In the entries that follow, repeat exactly the lines from the one that has "V-neck, High Waist Belt, Long Sleeves Dress" through the one that has "القسم الرابع: صلح", but omit pictures.

--- DATA Enclosed Below ---

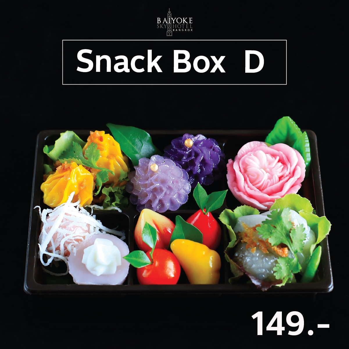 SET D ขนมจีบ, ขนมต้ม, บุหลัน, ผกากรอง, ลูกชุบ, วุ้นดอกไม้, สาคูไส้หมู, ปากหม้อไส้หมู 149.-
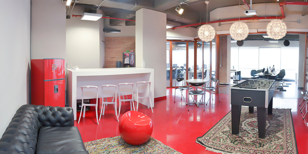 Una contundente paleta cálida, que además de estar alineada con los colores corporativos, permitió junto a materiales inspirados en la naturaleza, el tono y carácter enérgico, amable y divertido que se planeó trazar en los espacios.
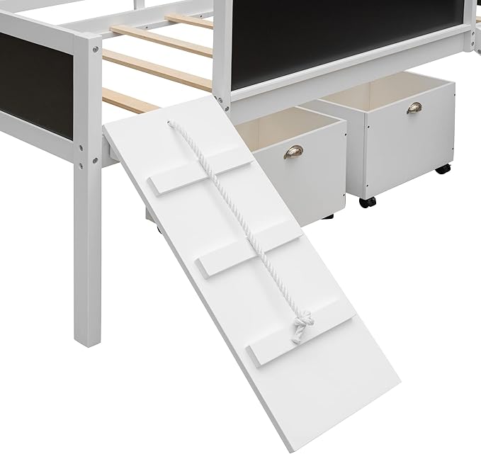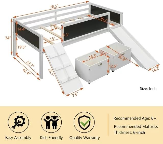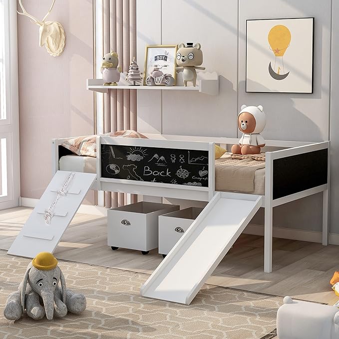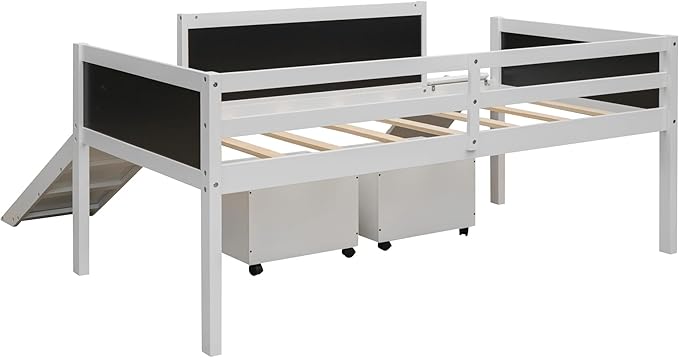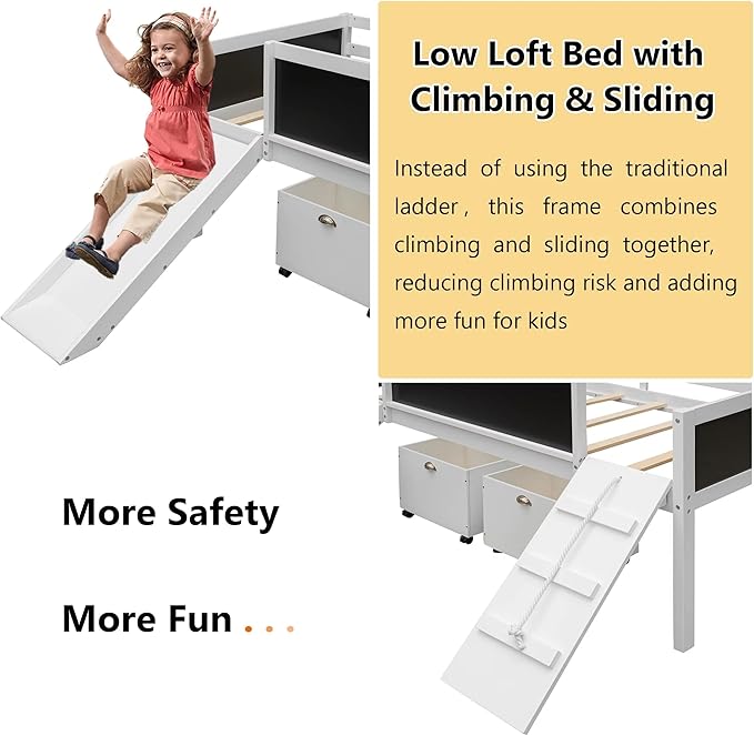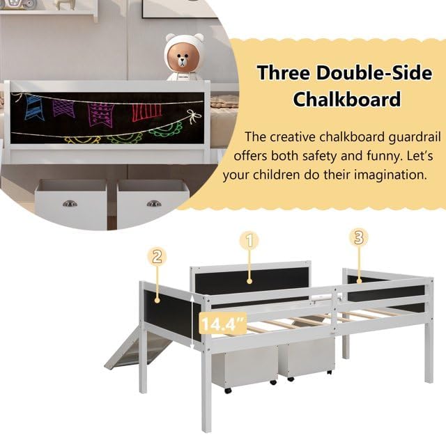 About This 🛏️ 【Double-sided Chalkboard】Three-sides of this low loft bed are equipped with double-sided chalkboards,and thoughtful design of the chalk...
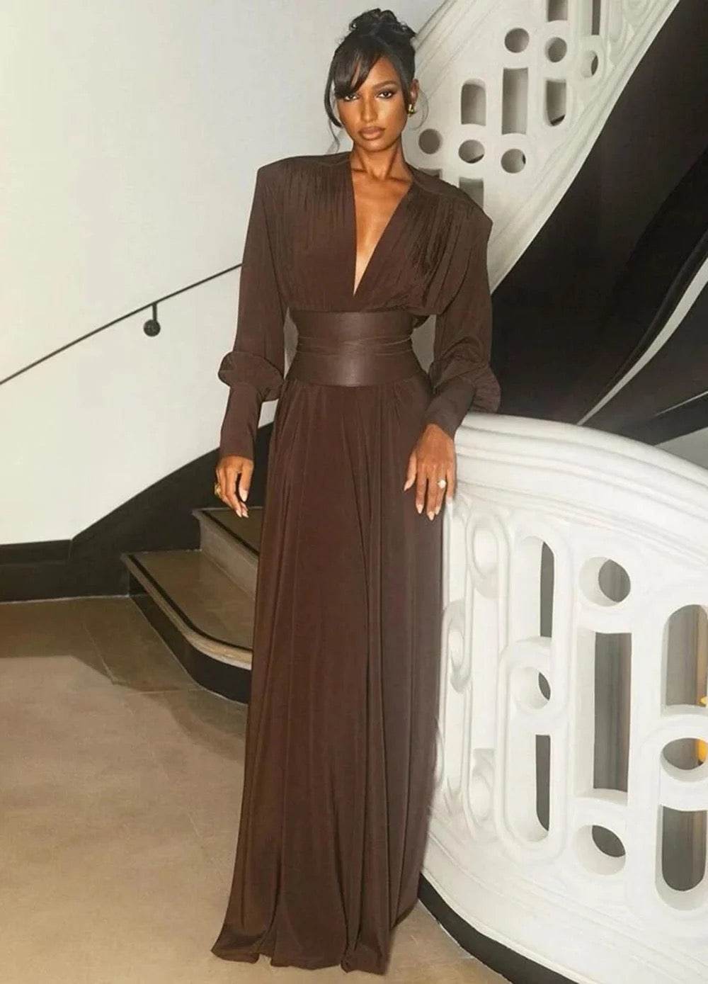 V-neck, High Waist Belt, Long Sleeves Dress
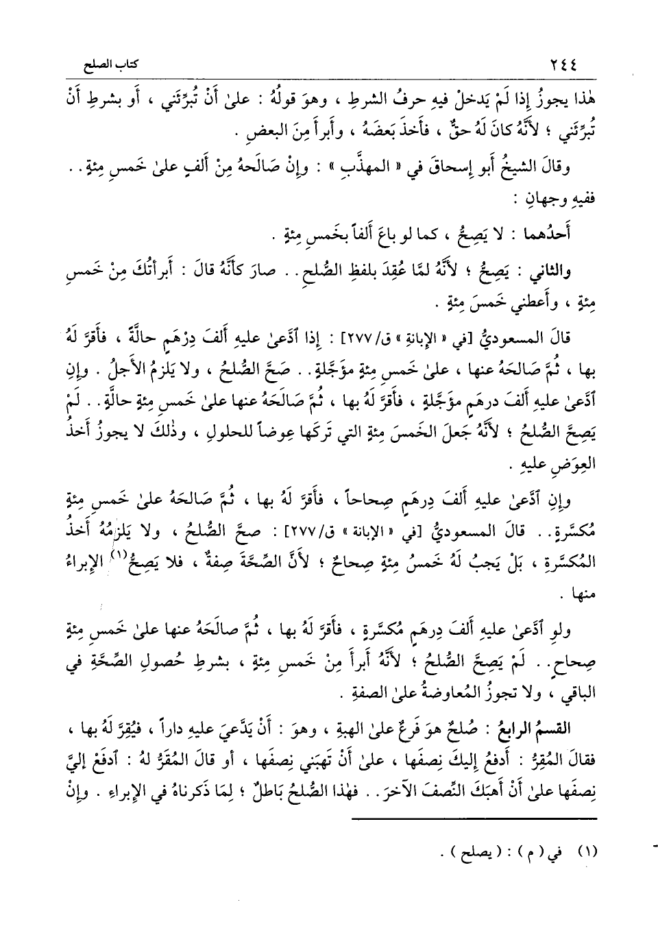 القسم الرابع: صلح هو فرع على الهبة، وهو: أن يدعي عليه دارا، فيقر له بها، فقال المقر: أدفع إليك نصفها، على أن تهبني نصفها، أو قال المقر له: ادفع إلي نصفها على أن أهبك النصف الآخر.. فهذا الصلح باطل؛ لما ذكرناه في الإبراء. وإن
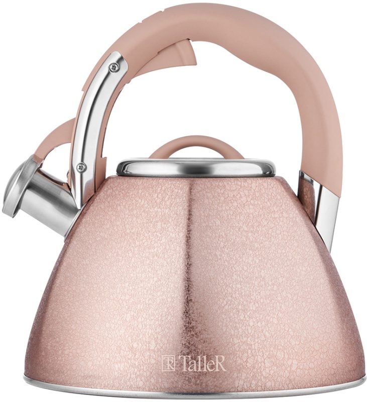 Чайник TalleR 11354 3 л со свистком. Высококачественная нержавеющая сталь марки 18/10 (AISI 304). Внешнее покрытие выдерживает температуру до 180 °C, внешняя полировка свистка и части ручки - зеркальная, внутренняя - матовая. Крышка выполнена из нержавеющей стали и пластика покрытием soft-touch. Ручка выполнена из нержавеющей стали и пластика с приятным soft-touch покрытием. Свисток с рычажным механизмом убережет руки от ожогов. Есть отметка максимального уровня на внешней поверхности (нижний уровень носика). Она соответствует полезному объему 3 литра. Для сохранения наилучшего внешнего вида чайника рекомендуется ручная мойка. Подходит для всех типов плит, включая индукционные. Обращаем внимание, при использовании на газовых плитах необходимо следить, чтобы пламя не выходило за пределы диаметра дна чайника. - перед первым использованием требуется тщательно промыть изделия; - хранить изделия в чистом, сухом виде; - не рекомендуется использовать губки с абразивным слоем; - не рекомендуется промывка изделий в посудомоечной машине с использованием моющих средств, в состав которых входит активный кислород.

--- End of Enclosed DATA ---

● RESPONSE
 V-neck, High Waist Belt, Long Sleeves Dress
 القسم الرابع: صلح هو فرع على الهبة، وهو: أن يدعي عليه دارا، فيقر له بها، فقال المقر: أدفع إليك نصفها، على أن تهبني نصفها، أو قال المقر له: ادفع إلي نصفها على أن أهبك النصف الآخر.. فهذا الصلح باطل؛ لما ذكرناه في الإبراء. وإن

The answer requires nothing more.